Do you have difficulties getting a taxi in the evenings or peak times?
Our bus service makes no sense in terms of frequency.
Familiar story. For taxis, morning peak is worst because travelling trip starts and and school starts co-incide and there is a time constraint in getting to the public transport. We have got to the stage we don't even bother to try - I can drive Lisa and the luggage to the station, bring the car home and walk back to the station in 45 minutes. We could do with a cafe at the station on these days.

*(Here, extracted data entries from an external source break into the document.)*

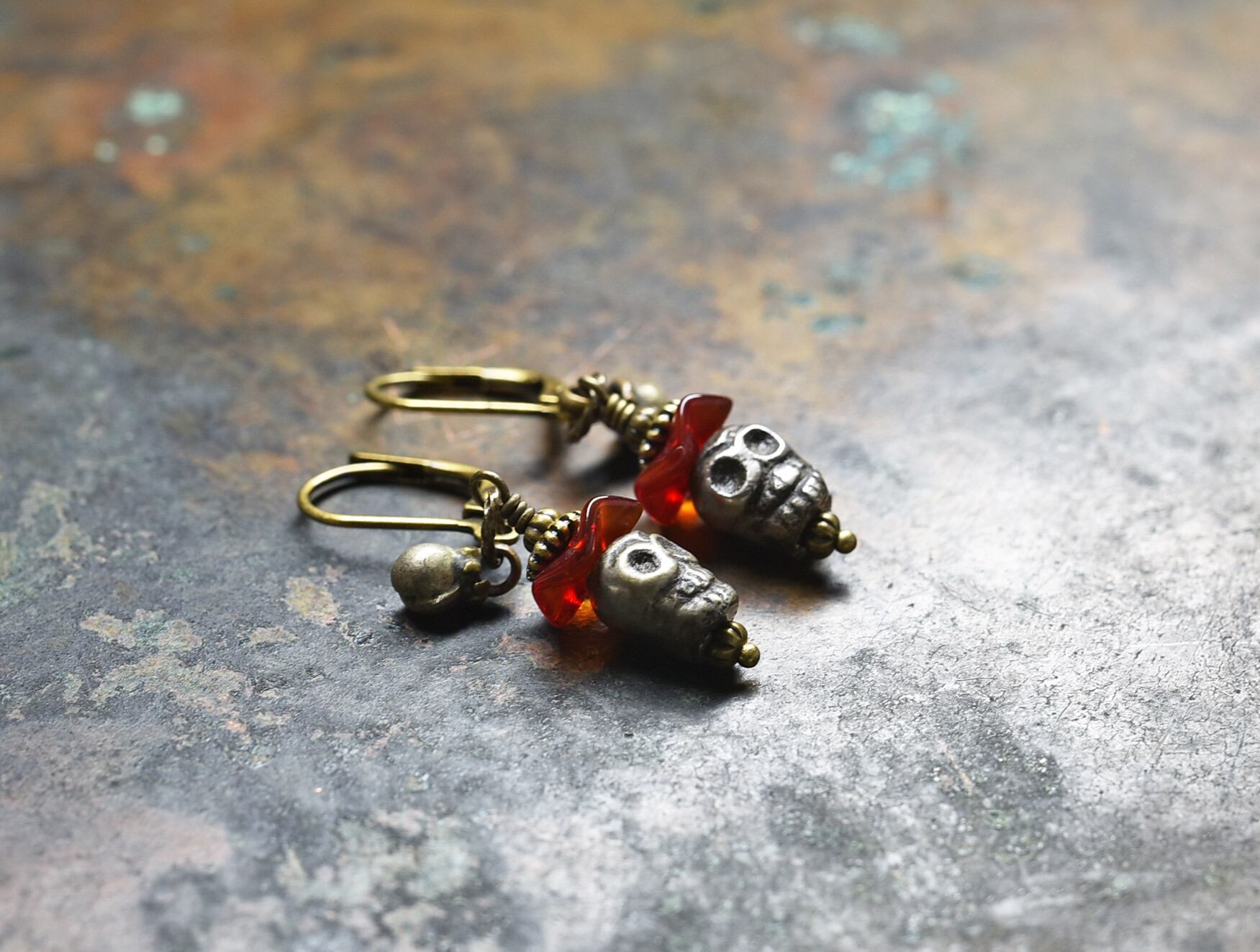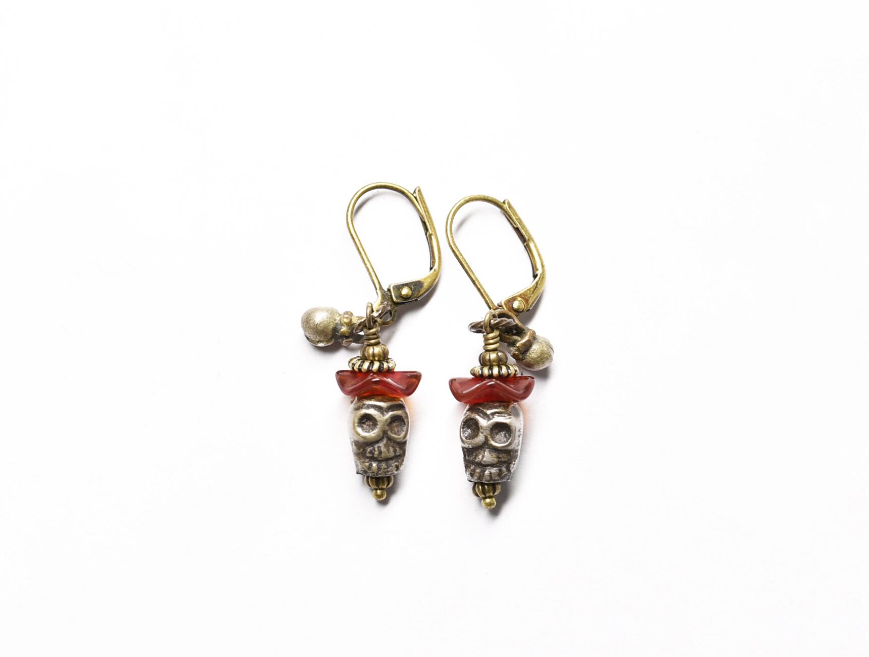 ファニーなスカルとjapanヴィンテージビーズと小さな鈴を繋いだ、ちょっと小さめなピアスです。
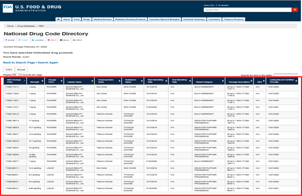 따라서, 미국에 판매되는 자외선 차단 화장품을 위해서는 NDC가 등록 된 자외선 차단 원료를 사용해야 합니다.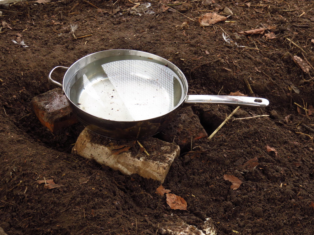Neulich auf dem Flohmarkt entdeckte ich eine stark verrostete, gusseiserne Pfanne, die perfekt für die Feuerstelle geeignet ist. Perfekt deswegen, weil sie – anders als die meisten in Deutschland erhältlichen Gußpfannen – keinen Holzgriff hat, sondern einen integrierten Metallgriff.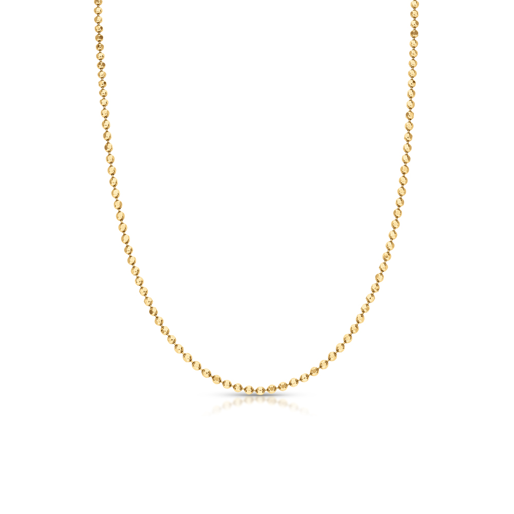 Цепочка с плетением "Перлина" - украшение подчеркивающее вашу женственность. «Pearl» с английского – «жемчужина». Отсюда и название плетения – "Перлина". Цепочка состоит из особых звеньев – шариков (круглых, продолговатых) расположенных на золотой проволоке. Цепочка "Перлина" может быть как самодостаточным украшением, так и носиться с подвесками и кулонами.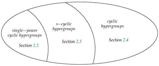 Finally, let us point out that the class of cyclic hypergroups, i.e., the one using canonical projection, is the broadest one. Some cyclic hypergroups are s-cyclic and some s-cyclic hypergroups are single power cyclic; see Figure 1.
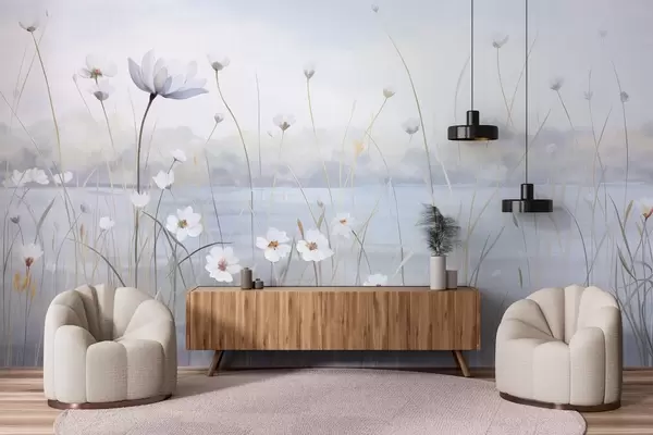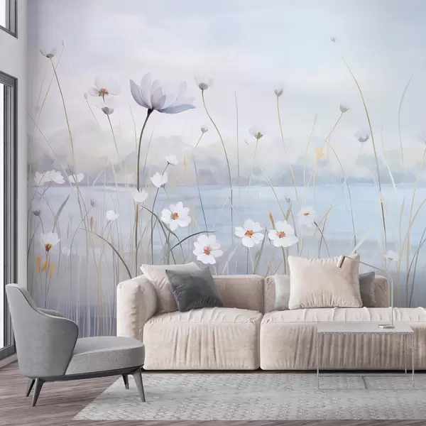 Fototapeten Weiße Blumen mit langen Stielen auf einem Feld, hellblauer Himmel, sanfte Farben, strukturiert, minimalistischer Stil, von der Natur inspiriert, ruhiger Hintergrund N° w09401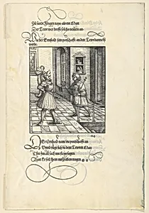 Ehrenhold Delivering Ehrenreich's Message to Theuerdank, from [Theuerdank] Die geuerlicheiten vnd einsteils der geschichten des loblichen streytparen vnd hochberümbten helds vnd Ritters herr Tewrdannckhs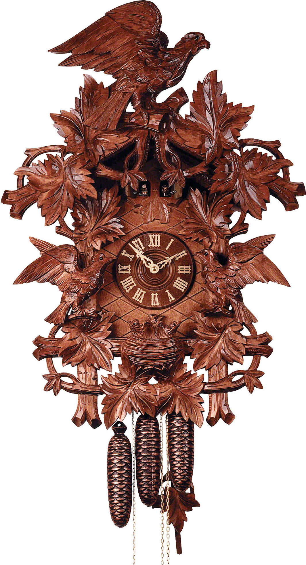 Механические музыкальные часы с кукушкой и двумя дверцами. Ручная работа. Запас хода — 8 дней. Такие часы производят с 1870 года.Они оборудованны музыкальным вальцем с двойным проигрыванием. Часы высшего качества. Морёное дерево, филигранная резьба на тему охоты.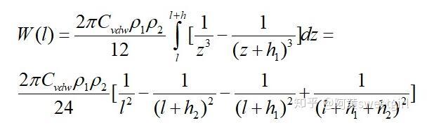 若取l為物質(zhì)本體內(nèi)分子間的距離d11,且兩半無限體為同一種物質(zhì)時,則上式的互作用勢變?yōu)椋ㄈ〗^對值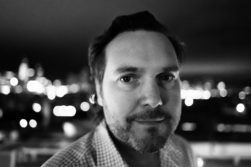 In a captivating black-and-white portrait, the subject's face is illuminated against a backdrop of blurred city lights, creating a striking contrast that adds depth to the image. The soft focus on the city in the background enhances the contemplative mood, inviting viewers to connect with the subject's serene expression. The composition draws attention to the man's features, making this a powerful exploration of presence amidst the chaos of urban life.

We do have a bus stop (Monday to Saturday daytime) outside our house with a bus every 30 minutes to Manvers Street, Bath, opposite the railway station there and it works well. Coming home, there is no outbound stop on Manvers Street - the bus drives straight past though most other routes will stop - so it's a short walk to the bus station and irritating to pass the bus as you walk (or run in the hope of connecting). Although the inbound bus is every 30 minutes, the outbound is every 60 as alternate buses do a big one way loop in Melksham and would only get us home just ahead of the next bus. And, yes, these are trunk routes and often overcrowded; we were in Bath yesterday and it was a squeeze even onto the bus that starts on that loop.
Sundays and evenings - we do have a bus service and much improved last year on Sundays. Just not along our street - shorting walk but may as well be Tipperary or Timbuktu for those without mobility and without aids.
Local bus - whole other story. It DOES run most hours on a standard circular route and is well patronised on certain runs (and therein lies a problem - everyone want it at the same time, no-one at many other times) and then it does a few varied runs which are there to provide at least some lifeline to those who have no alternative - very much underutilised. Connections with other buses co-incidental it seems, and it never goes to the station though three of the varied runs call about a five minute walk (with a dangerous road crossing) if you want to use it to access the rail network. The inbound stop has a shelter but no "flag" after a previous stop was damaged and eventually replaced - the bus driver knows, and the incoming passenger needs to know but rarely does.